Lastly, §89(3) of the Freedom of Information Law states in part that an applicant must "reasonably describe" the records sought. In considering that standard, the Court of Appeals has found that requested records need not be "specifically designated", that to meet the standard, the terms of a request must be adequate to enable the agency to locate the records, and that an agency must "establish that 'the descriptions were insufficient for purposes of locating and identifying the documents sought'before denying a FOIL request for reasons of overbreadth" [Konigsberg v Coughlin, 68 NY 2d 245, 249 (1986)].
Although it was found in the decision cited above that the agency could not reject the request due to its breadth, it was also stated that:
"respondents have failed to supply any proof whatsoever as to the nature - or even the existence - of their indexing system: whether the Department's files were indexed in a manner that would enable the identification and location of documents in their possession (cf National Cable Tel Assn v Federal Communications Commn, 479 F2d 183, 192 [Bazelon, J] [plausible claim of nonidentifiability under Federal Freedom of Information Act, 5 USC section 552 (a) (3), may be presented where agency's indexing system was such that 'the requested documents could not be identified by retracing a path already trodden. It would have required a wholly new enterprise, potentially requiring a search of every file in the possession of the agency']" (id, at 250).
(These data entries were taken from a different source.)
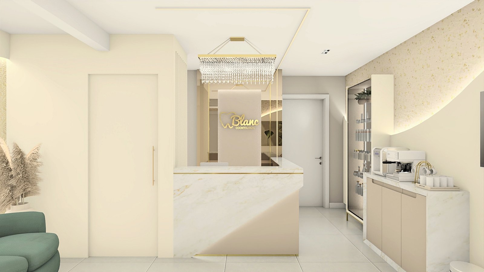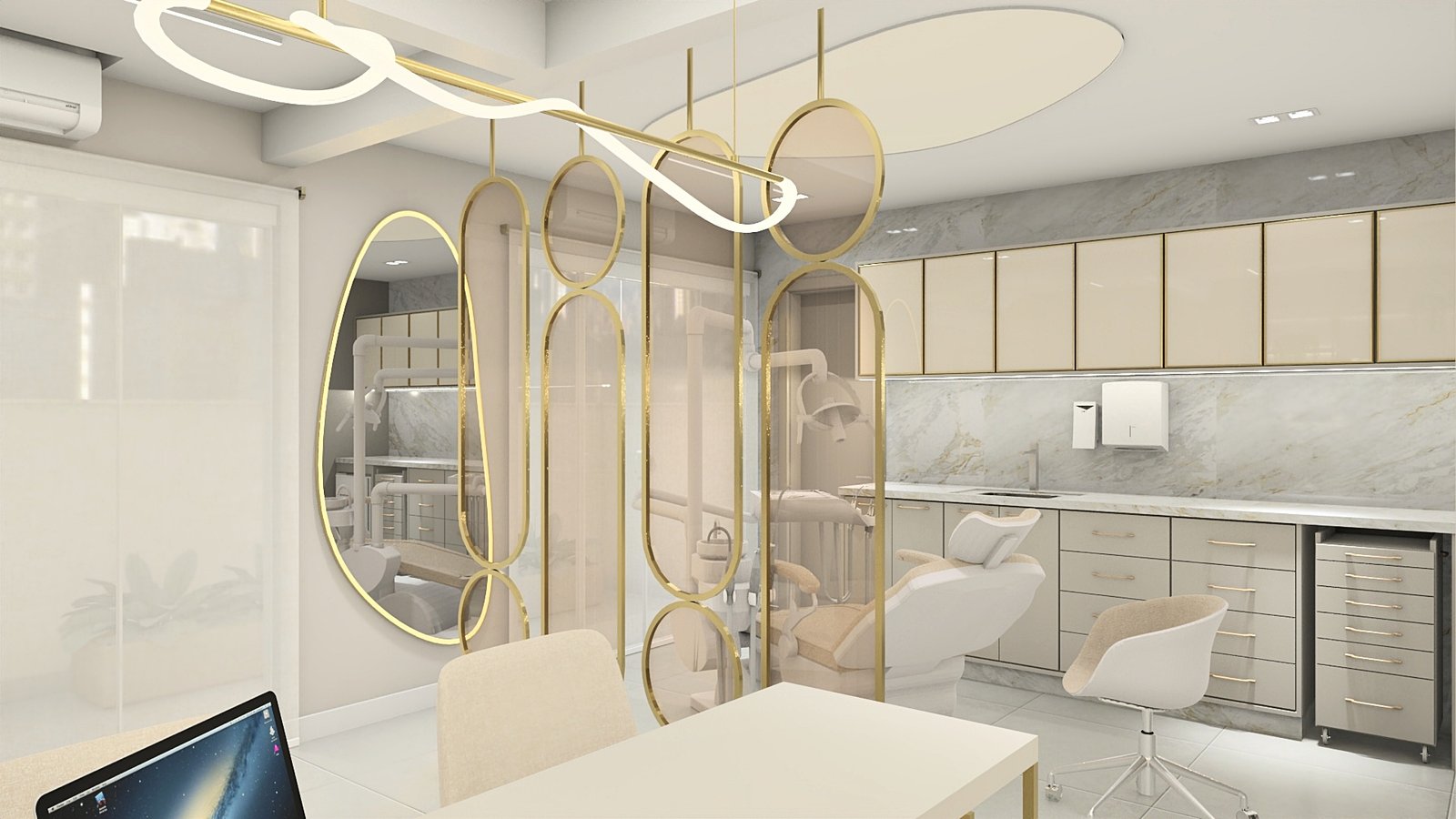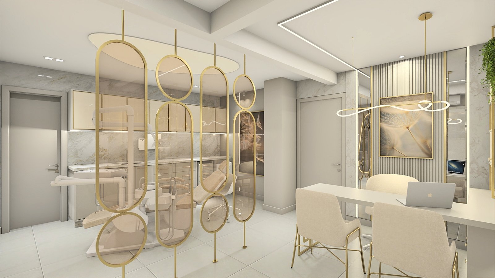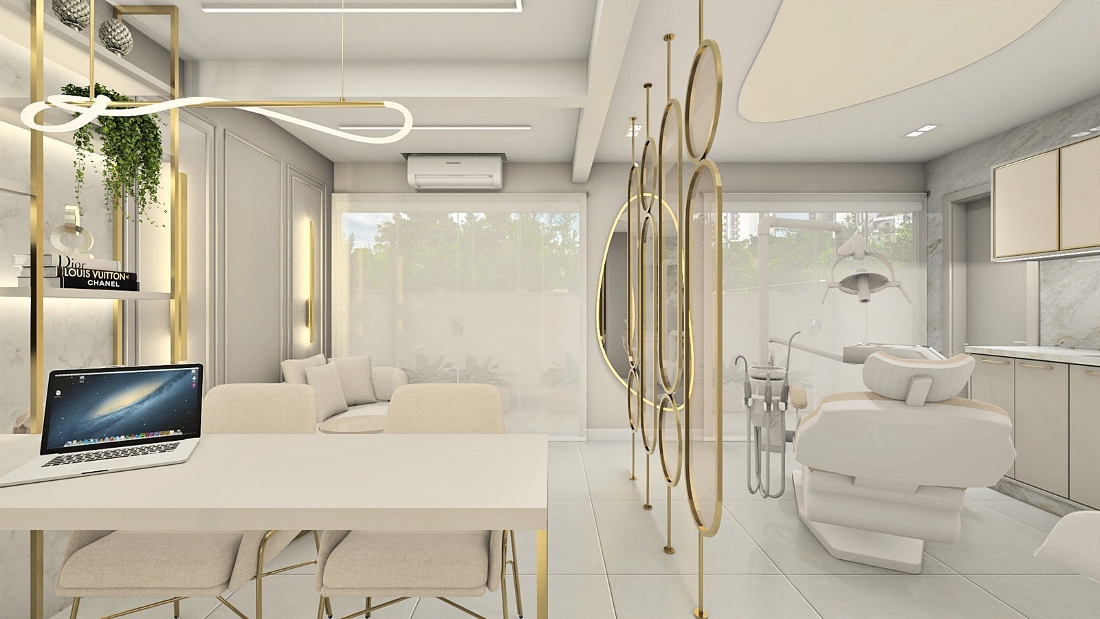 A cliente apresentou como desejo uma clínica clean e sofisticada, sem exageros. Então, partindo desse princípio, criou-se um espaço leve, aconchegante e muito receptivo, através de tons neutros, iluminação de destaque com fita de led em pontos estratégicos para evidenciarmos alguns elementos, e metais dourados para trazer o requinte que foi solicitado. Na recepção foram adotadas as formas curvas em vários pontos, a fim de trazer leveza e transformar esse ambiente de espera em um lugar que transmite tranquilidade. Um cantinho instagramável foi elaborado a pedido da cliente, com um lindo sofá verde para conferir cor com elegância à composição. Dentro do consultório, temos uma atmosfera leve através das cores e acabamentos utilizados. Acima da cadeira odontológica, a tela tensionada promove uma iluminação difusa, clara e confortável aos olhos. Destaque para as divisórias em metal dourado e vidro reflecta que delimitam os espaços. Temos então, um lindo espaço, próprio para receber seus pacientes da melhor forma possível.
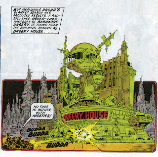 Unlike Batman, Daredevil, and Superman, Judge Dredd's personality does not match his environment. Mega City One is exhuberant, unrestrained, and slightly absurd, while Judge Dredd is rigid and has somewhat of a monotonous outlook, but notice how different each Block is represented, how each block has developed it's own personality for the residents that live there.
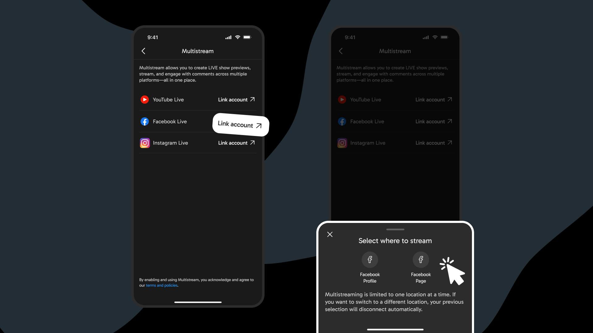 No — multistreaming can only be set up at the time you schedule your LIVE show. Once a LIVE show has been created, there is currently no option to go back and edit or connect platforms afterward. Be sure to enable multistreaming during the initial setup process.
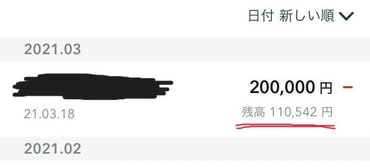 ※奨学金完済直後の口座のスクリーンショット画像。
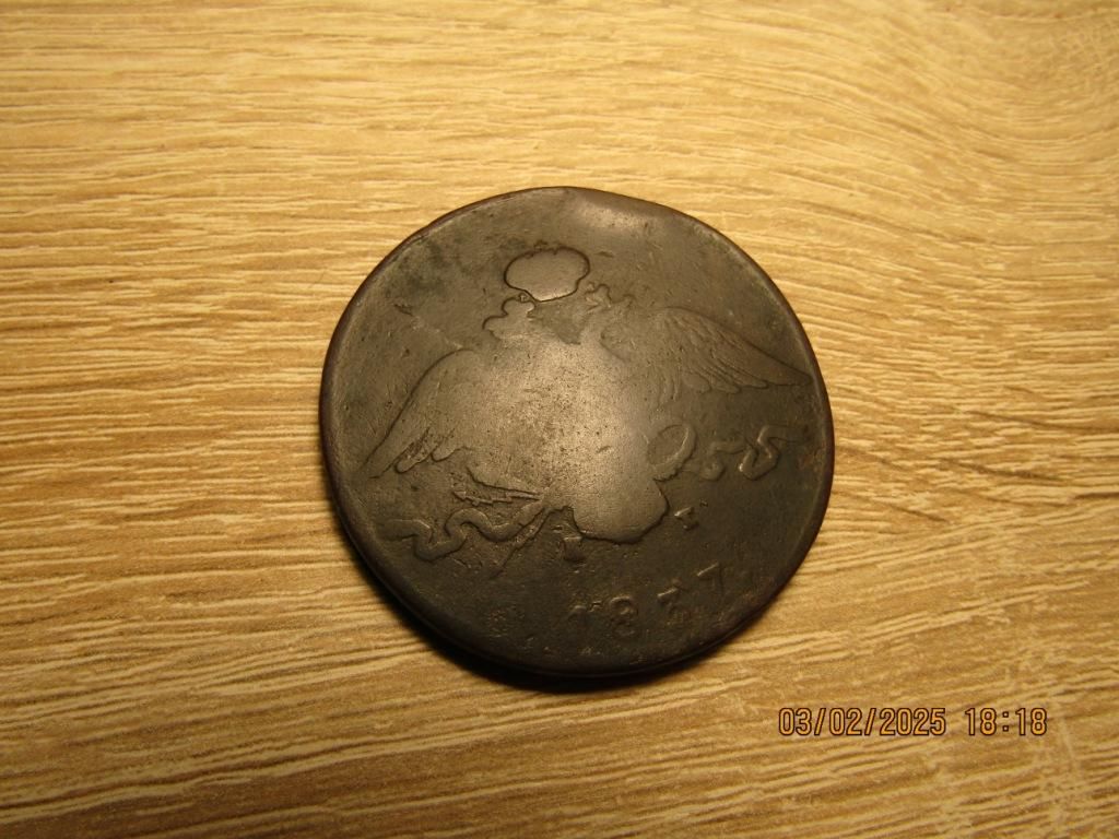 10 копеек 1837 г. (ЕМ КТ, Николай I, масон, медь) - крупная медная монета, вес 46,24 грамма
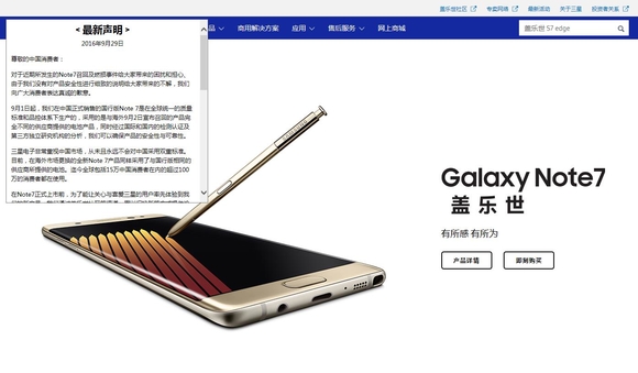 삼성 중국법인은 29일 오후 공식 홈페이지에 중국 소비자에게 갤럭시노트 7과 관련한 제품의 안정성에 대해 자세히 설명하지 못했다며 사과문을 올렸다.
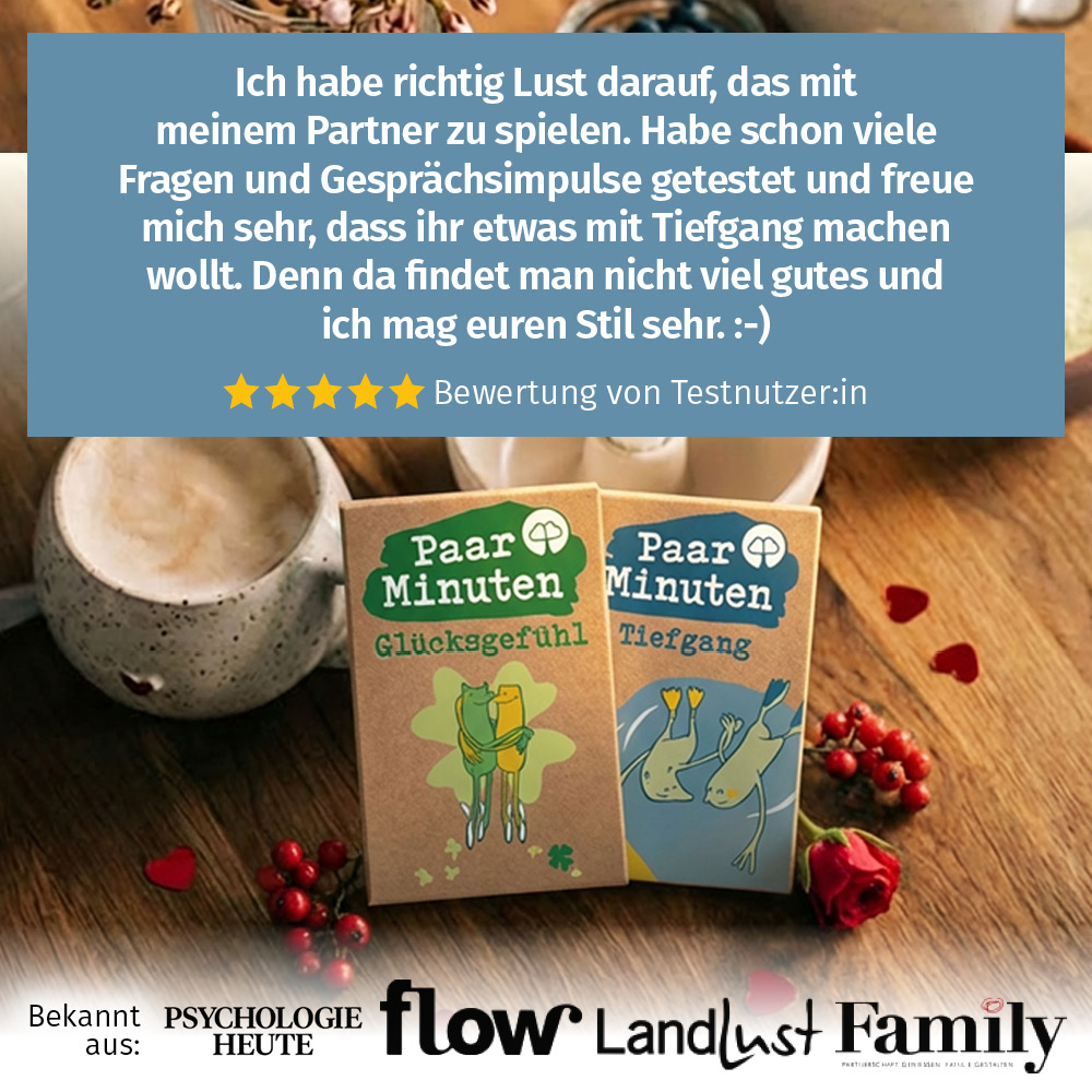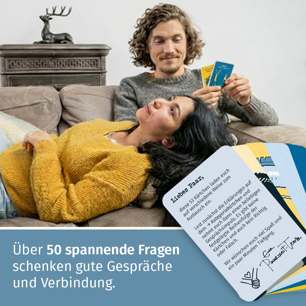Ich habe richtig Lust darauf, das mit meinem Partner zu spielen. Habe schon viele Fragen und Gesprächsimpulse getestet und freue mich sehr, dass ihr etwas mit Tiefgang machen wollt. Denn da findet man nicht viel gutes und ich mag euren Stil sehr. 🙂

In my view, whether a request reasonably describes the records sought, as suggested by the Court of Appeals, may be dependent upon the terms of a request, as well as the nature of an agency's filing or record-keeping systems. In Konigsberg, it appears that the agency was able to locate the records on the basis of an inmate's name and identification number In this instance, I am unaware of the means by which the records sought are maintained. Insofar as staff is able to locate them in conjunction with its filing or record-keeping systems, whether they are manual or electronic, a request would "reasonably describe" the records.
I hope that I have been of some assistance.